B has three virtual base classes: A1, A2 and AA2, and according to their order of appearance, it will initialize them in this order.

The first A1 and A2 you see are the initializing of the virtual base A1 and A2, but the last virtual base AA2 has a non-virtual base A1, so before constructing AA2, you'll need to construct another A1, which is why you have another A1 before AA2.

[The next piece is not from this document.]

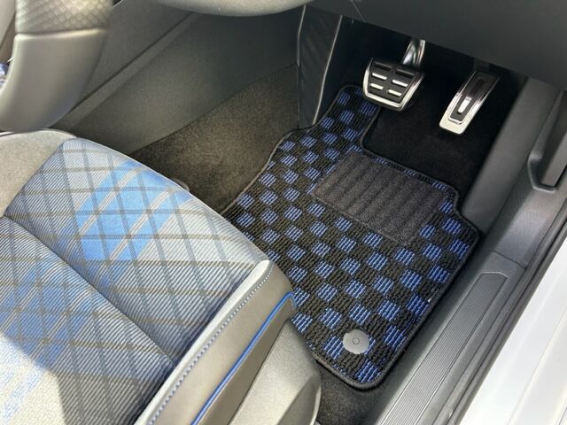 納車されて初日はすぐ簡単に出来る、maniacs Doorhandle Smoothing Plug ピュアホワイトとmaniacs Original Floor Mat Golf7/Golf7.5/Golf8 (チェッカータイプ)ブルー×ブラックチェッカー、maniacs ワイドリアビューミラーを装着。キーにはR専用のmaniacs Leather key shell (VW-R type)ブラックレザー × ブルーステッチを取り付けしました。

You can visualize this by running the following snippet:

#include <iostream>

struct A1 {
    A1(const char *s) { std::cout << "A1(" << s << ")\n"; }
};

struct A2 {
    A2(const char *s) { std::cout << "A2(" << s << ")\n"; }
};

struct AA1 : virtual A1,  A2 {
    AA1(const char *s) : A1("AA1"), A2("AA1") { std::cout << "AA1(" << s << ")\n"; }
};

struct AA2 : A1, virtual A2 {
    AA2(const char *s) : A1("AA2"), A2("AA2") { std::cout << "AA2(" << s << ")\n"; }
};

struct B : AA1, virtual AA2 {
    B() : A1("B"), A2("B"), AA1("B"), AA2("B") { std::cout << "B()\n"; }
};

int main() {
    B b;
}

This will output:

A1(B)
A2(B)
A1(AA2)
AA2(B)
A2(AA1)
AA1(B)
B()

You can also notice that this code gives you warning because:

• I put A1 before A2 in AA2's constructor, but A2 will be initialized before A1 (because it is a virtual base and A1 is not).
• I put AA1 before AA2 in B's constructor, but AA2 will be initialized first (same reason).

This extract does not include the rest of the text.